В тот 1655 год, помимо впоследствии исчезнувшего «Фабия Максима», последнего зримого доказательства внимания, которое ему уделяли или не уделяли амстердамские бургомистры, Рембрандт работал над двумя картинами, занявшими свое место в ряду его самых удачных произведений: всадником и тушей быка.

Всадник – первая конная фигура в его творчестве – возможно, был написан в какой-то связи с консулом Фабием Максимом на белом коне. Это лучник, одетый на польский манер, едущий по долине у подножия городских укреплений. Чтобы понять, как соединяются человек и конь, Рембрандт нарисовал скелет коня и поверх него – скелет всадника. Он не стремился к анатомической точности. Он хотел посмотреть, как сочетаются два живых существа. Но почему же поляк?

Нидерланды вели тогда войну со Швецией, чтобы сохранить свое экономическое присутствие на Балтике. Карл X захватил Данцигский (Гданьский) порт, чтобы обеспечить свободную перевозку зерна из Польши. Тогда Ян де Витт вооружил флотилию, чтобы освободить город и вернуть его полякам. Этим, на первый взгляд, благородным жестом он на самом деле стремился отстоять интересы Голландии на море. Такова была политическая обстановка в 1655 году. Так что в Амстердаме говорили о поляках, и костюм лучника – красные штаны, жупан с мелкими пуговицами, меховая шапка – возможно, был куплен в порту или увиден на каком-нибудь эстампе. Образ этого воина мог также символизировать поддержку религиозной доктрины польских братьев, которые в самой Голландии боролись при помощи пера с осуждением официальной Церковью близких им социнианских догматов. Может быть, именно таким путем Рембрандт и пришел к мысли написать фигуру борца за свободу? Ибо это воин старинных времен, вооруженный саблей, луком и стрелами, едущий на белом коне. Его юное лицо дышит искренностью и решимостью. Конь, чья шкура поблескивает, как и доспехи, – воплощение чудесного слуги, который в рыцарских романах всегда встает на сторону своего хозяина. Оба они дозором обходят мир, преследуя оскверняющих его злодеев. Они неукротимо идут вперед берегом реки, текущей мимо замка и башни, наделенные силой праведных борцов, которым поручено восстановить пошатнувшийся божественный порядок в земном хаосе.

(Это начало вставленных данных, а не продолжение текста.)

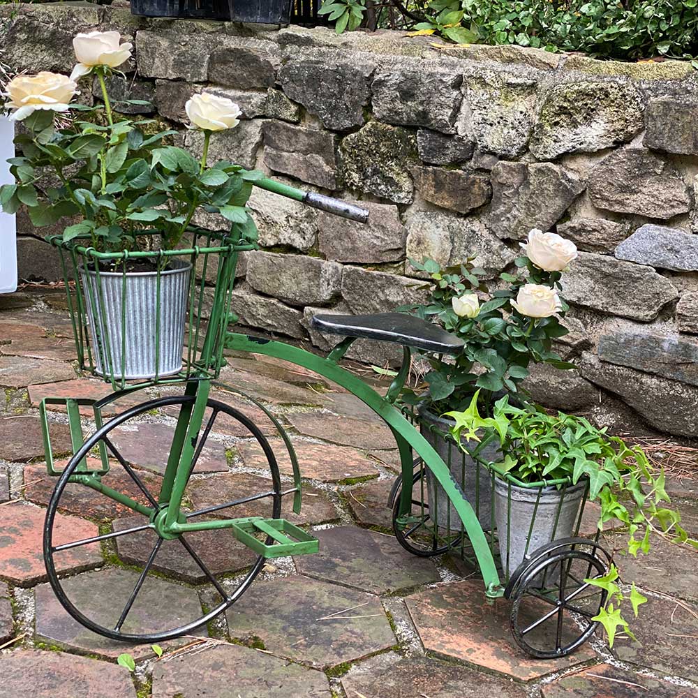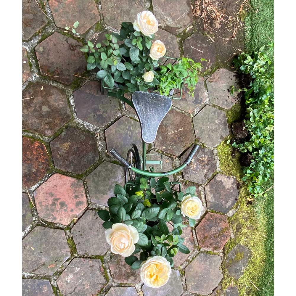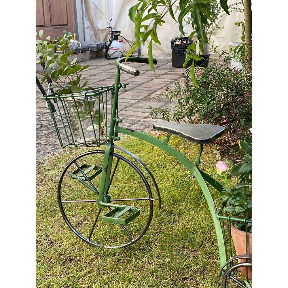 ※スチール製品は素材の特性上、経年変化でサビが発生致します。長くお使い頂くために、お届け直後の錆止め材の塗布をお薦めしております。 また、ご使用開始後も定期的なお手入れをお薦めします。(お手入れ方法&取り付け方法)まるで庭に置き去りにされたような自転車型のフラワースタンド。置くだけで素敵な物語のある庭づくりに。使い古したようなサビ感とノスタルジックなデザインが魅力。バスケットには小さなプランターを飾ったり、咲き終えたバラのドライフラワーを入れて楽しんでも。お庭や玄関先でアクセントになる自転車型のアイアン製プランター台です。お庭やテラス、玄関のアクセントにできる花台です。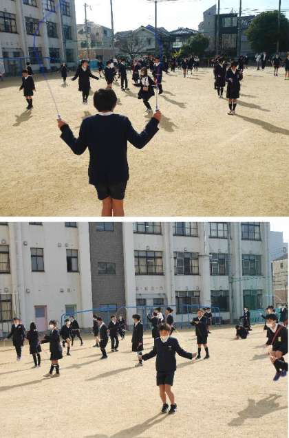 6年生が業間なわとびで、なわとび運動をしています。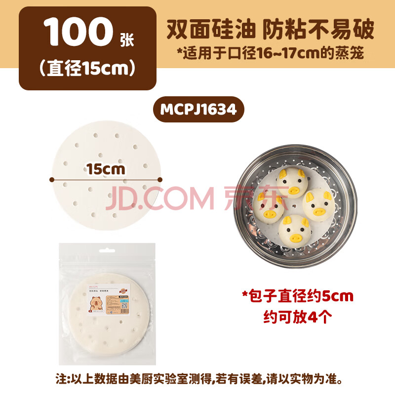 商品相册:美厨(maxcook)蒸笼纸包子垫纸蒸包子纸笼屉纸一次性100张 直径15cm MCPJ1634第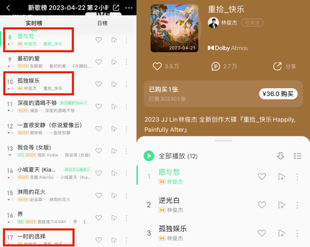 尽管JJ这张新专共收录12首歌,一首歌3块的定价看似也合情合理,但36块确实是很多人犹豫掏不掏钱的临界点。而且,JJ这次的12首歌里还包含《谢幕》《7千3百多天》等好几首此前就公开了的“老歌”,有很多人也会考量到新歌太少而放弃购买。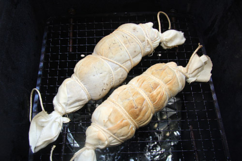 後は風乾燥をして完成。旨みが凝縮されて最高の味わい。市販品では味わえないスモーキーな香りもたまりません。これでうまく行ったら次は、キロ単位のハムを仕込みましょう。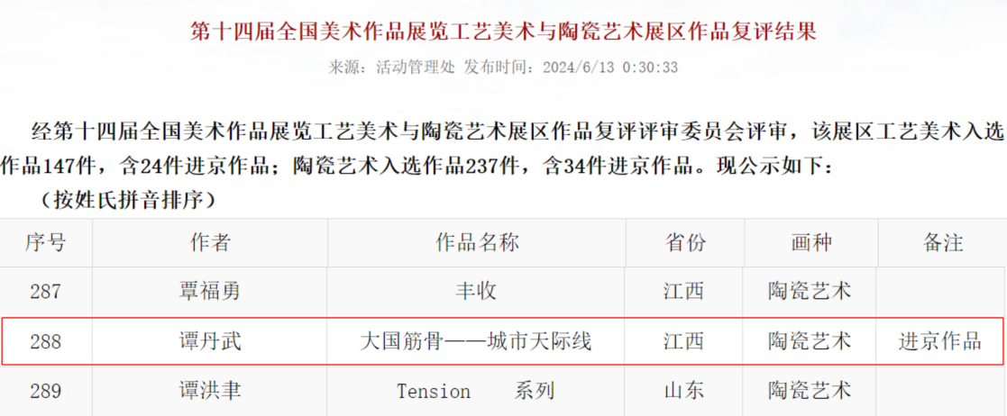 日前,第十四届全国美术作品展览进京作品展在中国美术馆和中国国家博物馆进行。在各展区的作品复评结果中,永利yl23411集团官网艺术学院谭丹武老师的陶艺作品《大国筋骨-城市天际线》成功入选,并被选为进京作品,这也是九江市在第十四届全国美展上唯一入选的进京作品。同时,艺术学院教师张甘霖的艺术作品《竹影印记》也入选本届全国美展壁画展区作品展。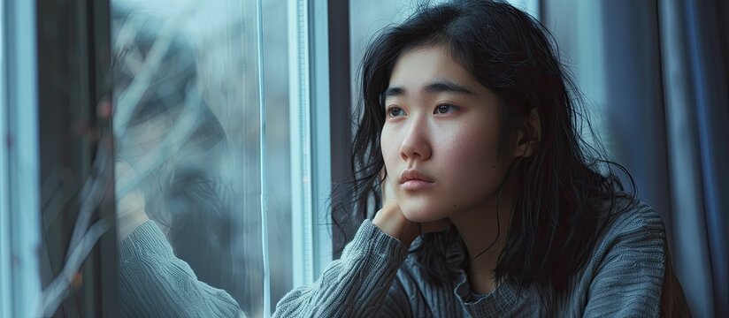 Exhausted stressed woman sits in bedroom hanging head in helplessness feels mental pressure, uncertainty. Tired anxious female alone at home overwhelmed worried by thoughts. Depression, inner tension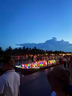 At night, there will be a boat trip to release lanterns, which is beautiful and impressive. There are also many shops, restaurants, clothes, souvenirs and various items for us to buy back.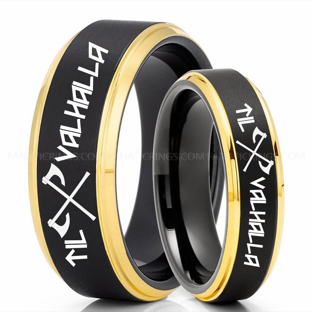 Til Valhalla Rings, Viking Rings, Runes Rings, Valknut Rings, Nordic Rings, Norsemen Rings, Nordic Runes Rings, Black Tungsten Bands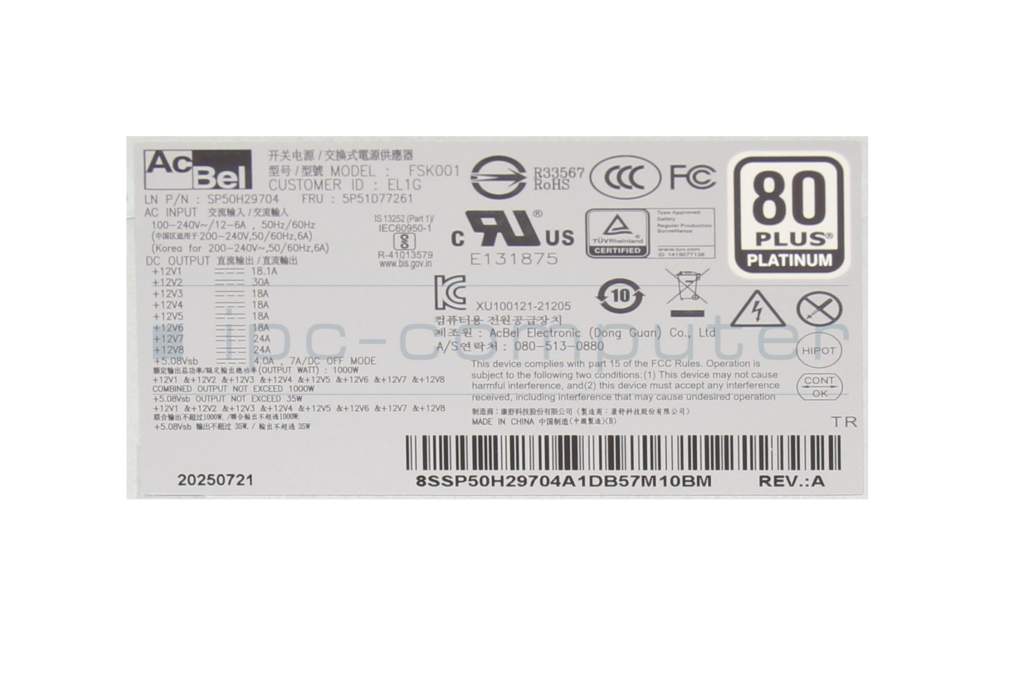 Fuente de alimentación del Ordenador de sobremesa 1000 vatios original para Lenovo Thinkstation P620 (30E0)

Рембрандта легко узнать по толкованию сюжета, по искренности композиции. Однако «Польский всадник», так же как гравюра с алхимиком или «Аристотель перед бюстом Гомера», а вскоре и «Туша быка», представляет собой уход в сторону от того репертуара, которого, казалось, до сих пор ему вполне хватало. Темы этих произведений – оспаривание магической силы писания («Алхимик»), Философия, черпающая вдохновение в Поэзии («Аристотель»), справедливая борьба с мирскими пороками («Польский всадник») – позволяют в очередной раз заявить, что искусство – это этика, что живопись существует для того, чтобы указать миру праведный путь.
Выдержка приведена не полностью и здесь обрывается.